When the two men are released, Mr. Chiu and Fenjin eat at several restaurants near the police station, eating no more than two bowls at any of them. Mr. Chiu keeps wishing he could kill all of his punishers. "Within a month, over 800 people contracted acute hepatitis," six died, including two children.

==Characters==
- Chiu Maguang
 Mr. Chiu, as he is referred to, is a thirty-four-year-old Chinese male visiting Muji City, China for his honeymoon. He lives and works in Harbin, China. He is a lecturer at Harbin University and is a Communist Party member.

- Mr. Chiu's Bride
 Described as pale with wire glasses, she is a recent college graduate of the fine arts. She is recently married to Mr. Chiu and is just back from their honeymoon.

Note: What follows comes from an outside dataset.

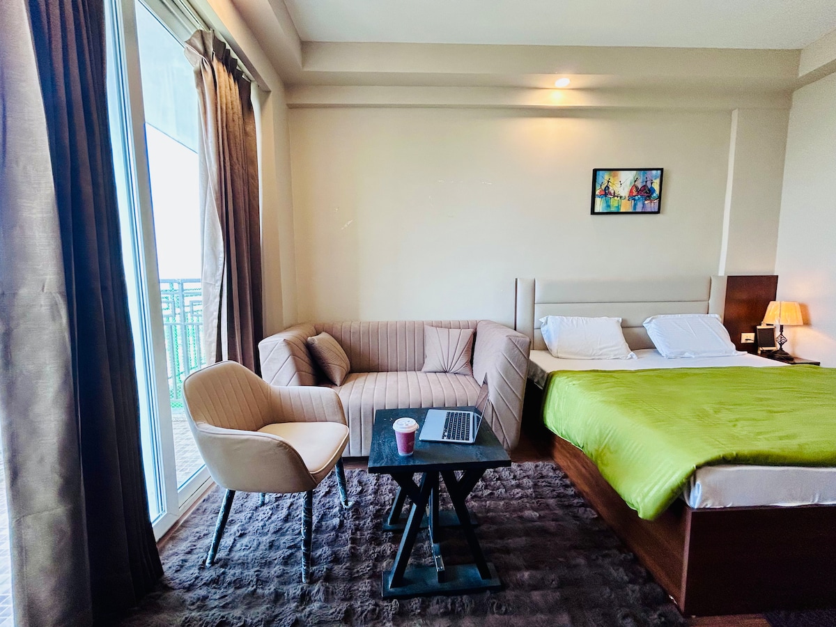 - A peaceful apartment on the 17th floor - Centrally located, easily accessible -A homely vibe - A full fledged kitchen for preparing meals - Food delivery available 24/7 - Self check in private studio apartment - Wifi available (100 mbps) - Hot water available - Private balcony available - Breathtaking views - Cinema, shopping mall, eateries/ restaurants available at walking distance - Free basement parking - Looking forward to provide you with the most memorable experience

She has never seen an arrest before and so is terrified. She sends Fenjin, a lawyer, to help release Mr. Chiu from jail.

- Chief of Bureau
 Described as a "thin, bald man, who looked serene and intelligent". He unjustly imprisons Mr. Chiu and Fenjin. He cares little that Mr. Chiu might expose his "punishments," because he is confident that the public will believe him when he denies Mr. Chiu's claims.

- Fenjin
 A recent graduate from Harbin University's Law Department. Two years ago, Fenjin had enrolled in Mr. Chiu's course about Marxist materialism. He comes to the jail at the request of Mr. Chiu's bride to help Mr. Chiu out of jail. He purportedly calls the Chief a "bandit" and is punished for it by being tied to a pine tree at the jail.